Die AfD: Abschaffung fordern, Nutzung planen

Besonders brisant ist die Haltung der AfD selbst. Die Partei hat in der Vergangenheit die Abschaffung des Weisungsrechts gefordert – ein Schritt, der im Widerspruch zu ihren eigenen Plänen steht. Denn die AfD will, sollte sie an die Macht kommen, die Staatsanwaltschaften genau für politische Zwecke einsetzen.

Bereits im Wahlkampf für Sachsen-Anhalt kündigte Spitzenkandidat Ulrich Siegmund eine „Remigrations- und Deportations-Offensive“ an und versprach, ab dem ersten Tag gegen Geflüchtete vorzugehen. Die AfD plant, die Strafverfolgung als Instrument der politischen Auseinandersetzung zu nutzen – gegen Migrant:innen, gegen kritische Stimmen aber in erster Linie gegen ihre politischen Feinde. In ihrem Wahlprogramm finden sich zahlreiche Punkte, die darauf abzielen, staatliche Institutionen für die eigene Agenda zu vereinnahmen.

Die AfD und ihr Netzwerk

Dass die AfD die Abschaffung des Weisungsrechts fordert, ist vor diesem Hintergrund kein Ausdruck rechtsstaatlicher Überzeugung, sondern Taktik. Solange die Partei nicht an der Macht ist, will sie die Kontrolle der politischen Führung über die Justiz beenden. Sobald sie selbst regiert, soll die Justiz gefügig gemacht werden.

Die Mahnung der Justizministerin

Bundesjustizministerin Hubig hat in dieser angespannten Lage auch Position bezogen. Sie rief Beamt:innen in Sachsen-Anhalt dazu auf, sich rechtswidrigen Weisungen einer möglichen AfD-geführten Landesregierung zu widersetzen. Dies sei ihre Pflicht.

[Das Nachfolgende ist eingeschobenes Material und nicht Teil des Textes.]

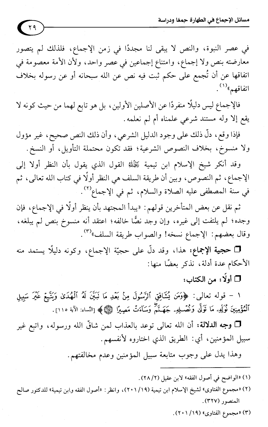 وقد أنكر شيخ الإسلام ابن تيمية رحمه اللَّه القول الذي يقول بأن النظر أولا إلى الإجماع، ثم النصوص، وبين أن طريقة السلف هي النظر أولًا في كتاب اللَّه تعالى، ثم في سنة المصطفى عليه الصلاة والسلام، ثم في الإجماع (¬2).
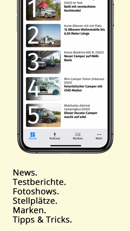 • Unter Fahrzeuge, Zubehör, Stellplätze und vielen weiteren spannenden Kategorien befinden sich News zu Neuheiten, Marken sowie spannende Tests.

Tatsächlich sind allerdings die verfassungsrechtlichen Hürden für rechtswidrige Weisungen hoch. Staatsanwält:innen sind an Gesetz und Recht gebunden. Eine Weisung, die gegen die Verfassung oder geltendes Recht verstößt, dürfen sie nicht befolgen. Doch in der Praxis ist der Spielraum groß: Wo endet politische Steuerung, wo beginnt rechtswidrige Einflussnahme? Gibt es da einen Unterschied in diesem Fall? Und lohnt sich die Konfrontation mit politischen Kräften und das Zerstören der eigenen Karriere? Im Prinzip müsste man dagegen sein, aber lohnt es sich für diesen bestimmten Fall alles zu riskieren?

Ein realistisches Szenario und seine Folgen

Sollte die AfD in Sachsen-Anhalt tatsächlich Regierungsverantwortung übernehmen, könnte das Weisungsrecht zu einem zentralen Konfliktfeld werden. Eine AfD-Justizministerin könnte versuchen, Ermittlungen gegen Faschist:innen zu unterbinden oder Verfahren gegen politische Feinde voranzutreiben. Ob Beamt:innen sich widersetzen, wäre dann aber vor allem eine Frage des Einzelfalls und des persönlichen Mutes.

Der Aufruf von Hubig ist daher mehr als eine symbolische Geste. Er ist der Versuch, eine Grenze der bürgerlichen Herrschaft zu markieren, bevor sie überschritten wird. Doch zeigt die Debatte ein grundlegendes Problem: Das politische Weisungsrecht existiert und die Justiz ist anfällig für politische Einflussnahme. Die AfD hat dies erkannt und nutzt dies für ihre eigenen Zwecke.

Doch dabei sollte nicht vergessen werden, dass der deutsche Staat bereits jetzt schon aktiv unsere demokratischen Grundrechte abbaut. Innenminister Dobrindt von der Union fordert eine Aufrüstung zu „echten Geheimdiensten“, die Pressefreiheit in Deutschland ist akut bedroht und immer mehr Bereiche unseres Lebens sollen fortan überwacht werden – das alles ganz ohne AfD-Beteiligung und in Zeiten, in denen die Zahlen rechter Gewalt kontinuierlich steigen.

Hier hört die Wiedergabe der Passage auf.